The Client will indemnify and defend the Artist against all claims, liability, damages, costs, and expenses, including reasonable legal fees and expenses, arising out of the creation or any use of the Artwork or materials furnished by the Client. It is the Client’s responsibility to obtain the necessary model or property releases are ensure they are full effect and in force.
The Client warrants that any instructions with respect to the Brief that it provides to the Artist will not infringe the intellectual property rights of any other person.
11. Limitation of Liability
11.1 Any provision of these Terms that excludes any terms, conditions or warranties, or limits the liability of a party will apply only to the extent permitted by law and these Terms will be construed subject to such terms, conditions, warranties and limitations.
11.2 Subject to clause 11.1, where any terms, conditions or warranties are implied by law into these Terms which the law expressly provides may not be excluded, restricted or modified, or may be excluded, restricted or modified only to a limited extent, the liability of the Artist to the Client under such implied terms, conditions or warranties is limited, at the option of the Artist, to the repair or replacement of the Artwork, or payment of the cost of repairing or replacing the Artwork.
11.3 Except as expressly provided in these Terms, to the extent permitted by law, the Artist will have no liability to the Client, however arising and under any cause of action or theory of liability, in respect of special, indirect or consequential damages, loss of profit (whether direct or indirect) or loss of business opportunity.
12. Force Majeure
12.1 Neither party will be liable for any delay or failure to perform its obligations under these Terms (other than payment obligations) if such delay is due to Force Majeure.
12.2 If a delay of a party to perform its obligations is caused or anticipated due to Force Majeure, the performance of that party’s obligations will be suspended.
This Agreement sets forth the entire understanding of the parties, and supersedes all prior agreements between the parties.
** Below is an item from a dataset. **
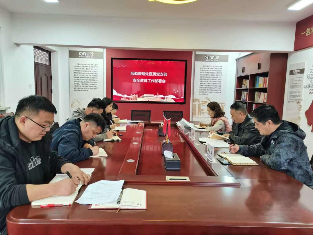4月8日上午,后勤管理处直属党支部召开安全教育工作部署会,后勤各科室负责人参加会议,直属党支部书记刘韶晖主持会议。
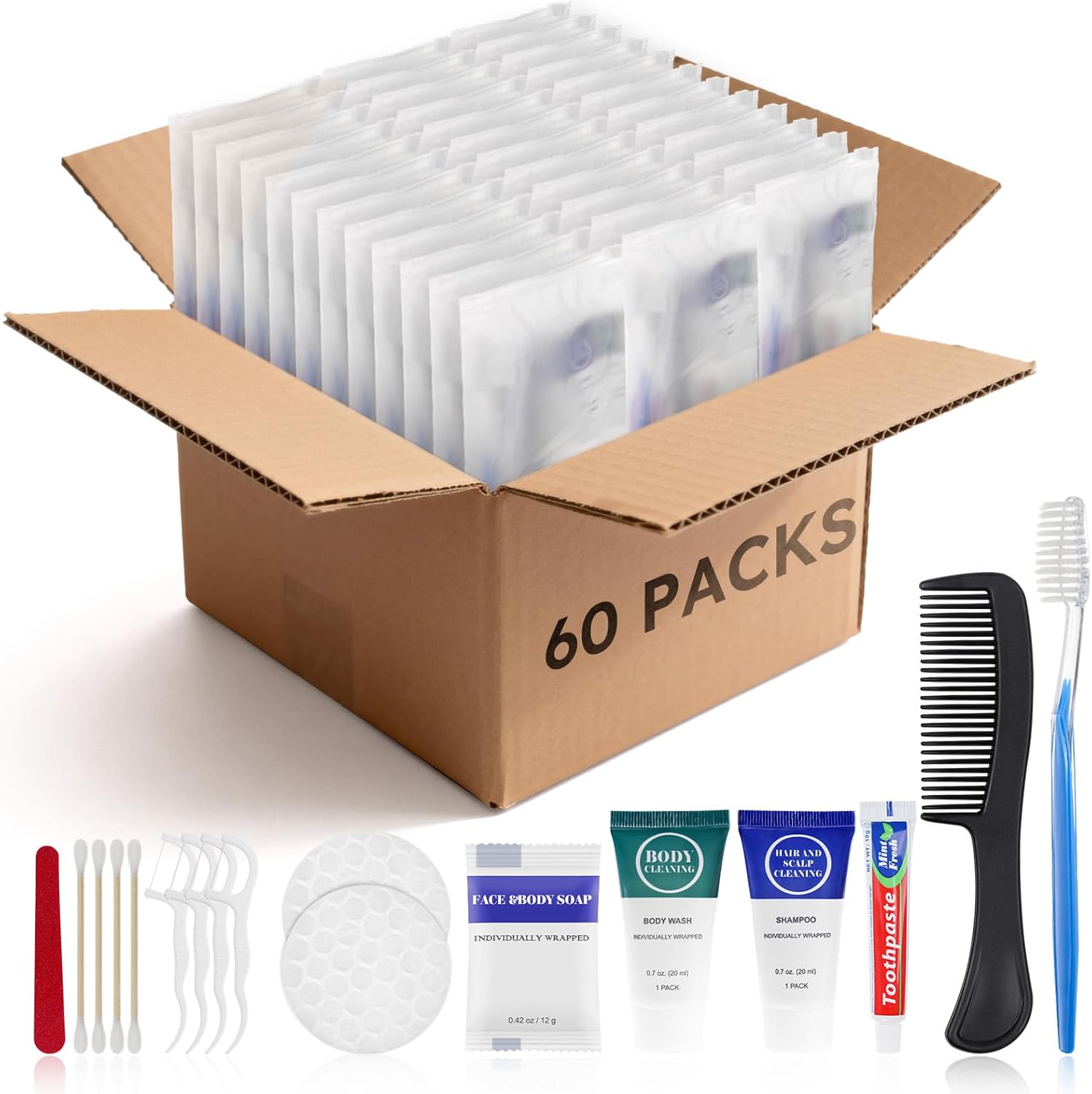 - Basic Toiletry Kits : You will receive 60 toiletries sets, each includes 1 x toothbrush with 0.34 oz / 10 g toothpaste, 1 x 0.68 oz / 20 ml body wash, 1 x 0.68 oz / 20 ml shampoo, 1 x 6" / 15 cm comb , 1x floss picks pack ( with 4 floss picks ), 1 x 0.42 oz / 12 g soap, 1 x care package ( including 4 x cotton swabs, 1 x nail file, 1 x cosmetic cotton pads ), covering on-the-go personal basic care need, everything you need is neatly packed in one convenient travel size package

This Agreement shall be governed, interpreted and enforced in accordance with the laws of the State of Victoria. Any claim or litigation arising out of this Agreement or its performance may be commenced only in courts physically located in Victoria, Australia and the parties hereby consent to the personal jurisdiction of such courts. In the event of any litigation arising out of or relating to this Agreement, the prevailing party shall be entitled to recover its attorneys’ fees incurred in the litigation. If parties are unable to resolve the dispute, either party may request mediation and/or binding arbitration in a forum mutually agreed to by the parties.
If one or more of the provisions in the Agreement is found invalid, illegal or unenforceable in any respect, the validity and enforceability of the remaining provisions shall not be affected. Any such provisions will be revised as required to make them enforceable.
No action of either party, other than in writing agreed to by the parties, may be construed to waive any provision of this Agreement and a single or partial exercise by either party of any such action will not preclude further exercise of other rights or remedies in this Agreement.